Norton tirelessly covered Haiti until the end, leaving with a final scoop.

Through sources he had built over 20 years, Norton was the first journalist to report that Aristide was ousted Feb. 29, 2004, after a three-week revolt led by gangs and former soldiers.

He left soon after to seek medical attention for a melanoma that had returned.

"He sustained me through difficult times with unconditional friendship," said Dan Whitman, a friend of Norton's who worked at the U.S. Embassy in 1999-2001. "Though our professions put information to somewhat different purposes, we had an identical interest in accuracy."|

Norton's most colorful stories came from covering Haiti's regular Voodoo pilgrimages. The religion was officially sanctioned during his time in the country.

"We just lost a Haitian journalist, someone who belonged to us," said Joseph Guyler Delva, a Haitian reporter who heads an association of local journalists and recalled Norton's fluency in Haitian Creole, a blend of French and African words and syntax. He said Norton, who was white, was never considered a "foreign" correspondent by Haitians.
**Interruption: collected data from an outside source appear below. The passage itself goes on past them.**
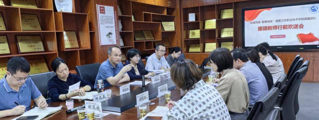 6月6日,我校召開“絲路同源 智惠閩昌”援疆“小組團(tuán)”行前歡送會(huì)。校長(zhǎng)許能鋒,黨政辦公室、教務(wù)處、人事處有關(guān)負(fù)責(zé)人,醫(yī)學(xué)院黨政班子出席歡送會(huì)。會(huì)議由醫(yī)學(xué)院副院長(zhǎng)鄧元榮主持。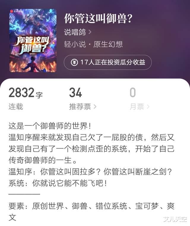 如今时隔半年多,作者再次尝试原创御兽题材了,这次结合了错位系统元素来展开,能不能成就看后面表现了。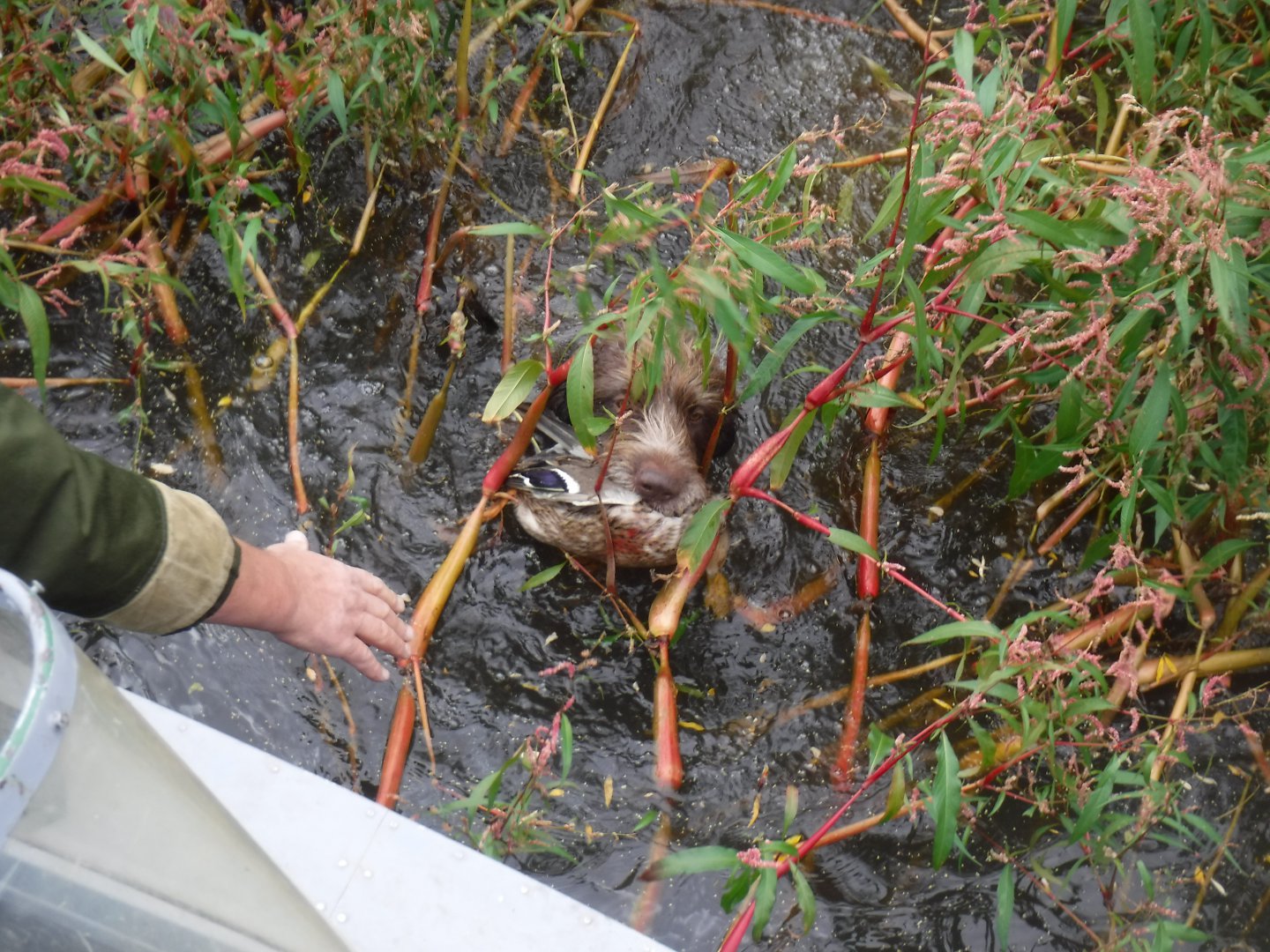 Все подходы к озерам залиты,так что собаке приходится помогать.Если бы не собачка потеряли больше 50% уток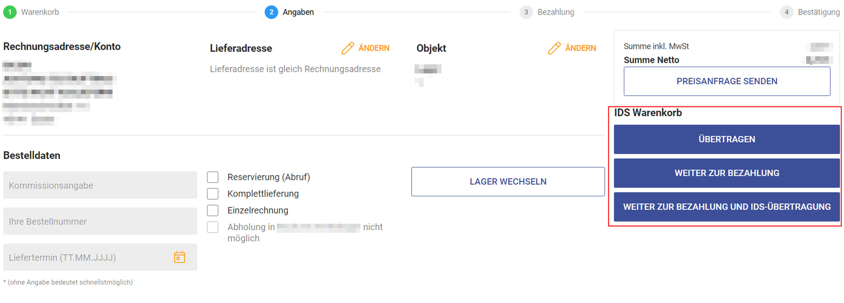 Wenn Sie IDS-Connect in Ihrer Handwerkersoftware eingerichtet haben müssen Sie ein neues Dokument erstellen. Hier könnten Sie den Datenimport aus IDS-Connect (Onlineshop-Artikelimport) wählen, damit Sie aus Ihrer Software aus im Onlineshop angemeldet werden. Legen Sie hier alle Artikel in den Warenkorb die Sie benötigen und klicken Sie im Warenkorb auf "Weiter" um zu den Bestellangaben zu gelangen. In den Bestellangaben haben Sie nun drei Möglichkeiten aus denen Sie wählen können, was mit Ihrem IDS-Warenkorb passieren soll. Sie können die Positionen "übertragen", "bestellen" oder "bestellen und übertragen.
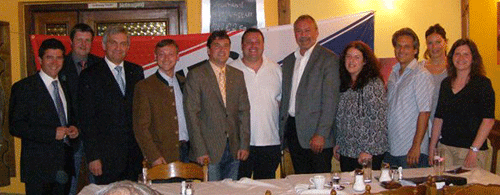 Gruppenfoto des neuen Vorstandes mit Ehrengästen: Bernhard Schilcher, Christian Friedrich (Obmann), Roman Markhart, Claudia Kremser, Gerald Pribil, Barbara Becker, Sabine Bauer-Kaiser.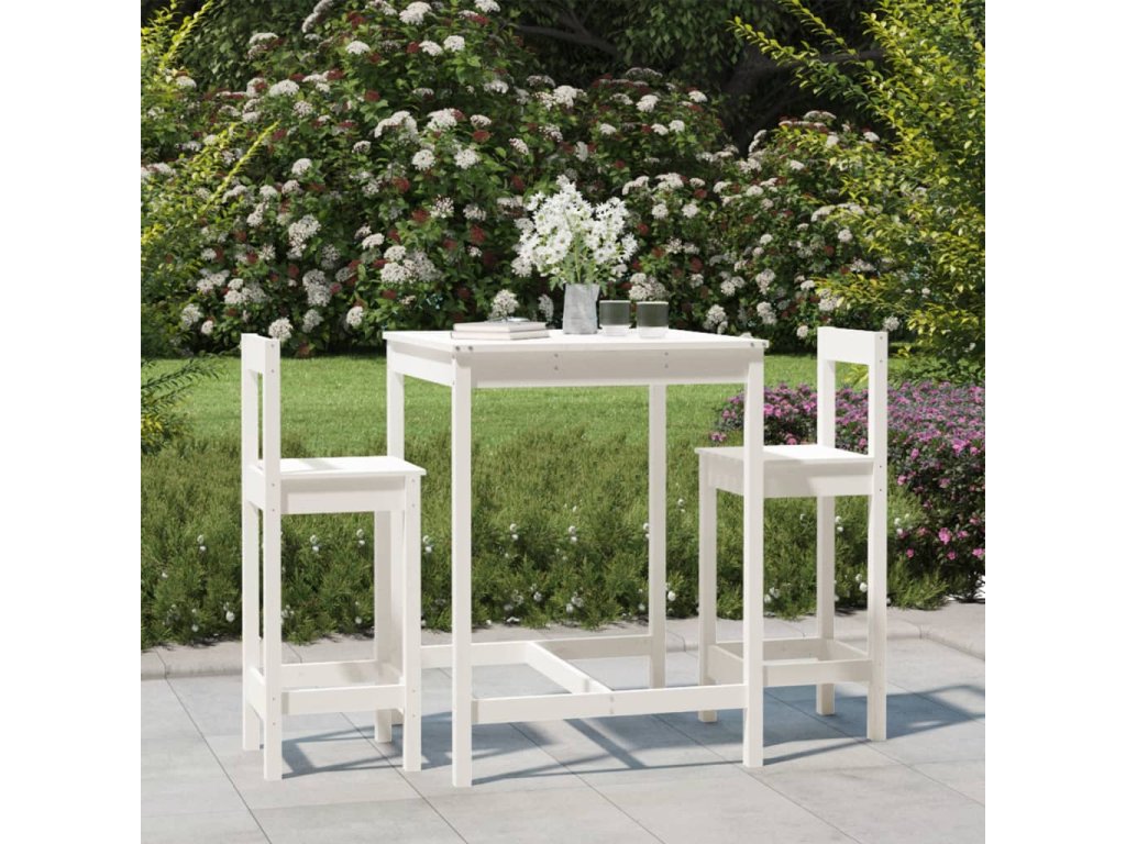 3dílný zahradní barový set bílý masivní borové dřevo 3154736

Norton joined the AP's San Juan bureau in 2004, returning to Haiti briefly in 2006, to cover the election of Rene Preval as president.

He retired months later, listening to jazz and writing poetry until the end.

He penned several books, including "And When the Weeds Began to Grow," and his latest, "Eschatology," which was published this year. Another book, written in Spanish, was titled, "A quien pueda interesar" or "To Whom It May Concern."

He often said two books that captured Haiti best were "Alice in Wonderland" and "Exodus."

"You can't piece together points of view," Norton said in 2007 of writing about Haiti.

"You can stack them or align them. But that is like bringing together all the trees in the forest, which becomes impenetrable, like forging a fence from wooden planks. You have to depend on your own intuition, your own capacity to enter into another world, to fall with Alice (in Wonderland) down the hole and subsequently not to lose your sanity or be persnickety about the incomprehensible."

Norton is survived by his wife, Domnina Alcantara de los Santos.
___
Paisley Dodds was the AP's Caribbean news editor from 2000 to 2005.